I have been thinking about what would have helped me a year ago – and the answer is – nothing. I did the right thing and walked away from a hostile & toxic environment. Leaving the University was about wanting to learn how to become more self-sufficient and have more internal motivation. After years of working for large organisations where my sense of agency and my autonomy had become eroded I knew I needed time and space to explore how I could develop a more intrinsic source of motivation for my writing and learning. Moving to a small organisation seemed to be a logical step BUT well I have rehearsed much but the opportunity to develop new skills well… that has come about in a very different way to the one I had expected.
Two years ago I had assumed that I would find the transition from education back to practice quite tricky but I never anticipated the distress it would cause me. I found some marvellous poems by Moniza Alvi sat on my bookshelves – the poems express images and words that delve into the experience of trauma and have been nothing short of heart stopping for me. I didn’t realise I had the book but at art class on Monday we decided that I should focus on developing collages around poetry.
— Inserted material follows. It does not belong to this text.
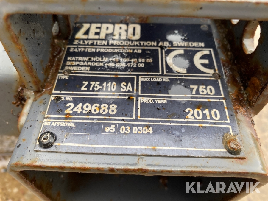 Bakgavellyft Zepro Z75-110 SA i aluminium

So on Monday I returned home and perused the bookshelves for a poem that spoke to me and demanded to be explored in my expressive abstract collages… well I found them in Moniza’s collection Europa – published by the rather wonderful Bloodaxe Books..
So reading the poems and creating the (yet unfinished) artwork has allowed me to recognise that returning to practice in 2014 opened up a “sleeping wound” – one caused from being a student nurse back in the early 1980s and being treated like a piece of disposable cutlery – only useful for “light” duties and then thrown away – not valued nor cherished.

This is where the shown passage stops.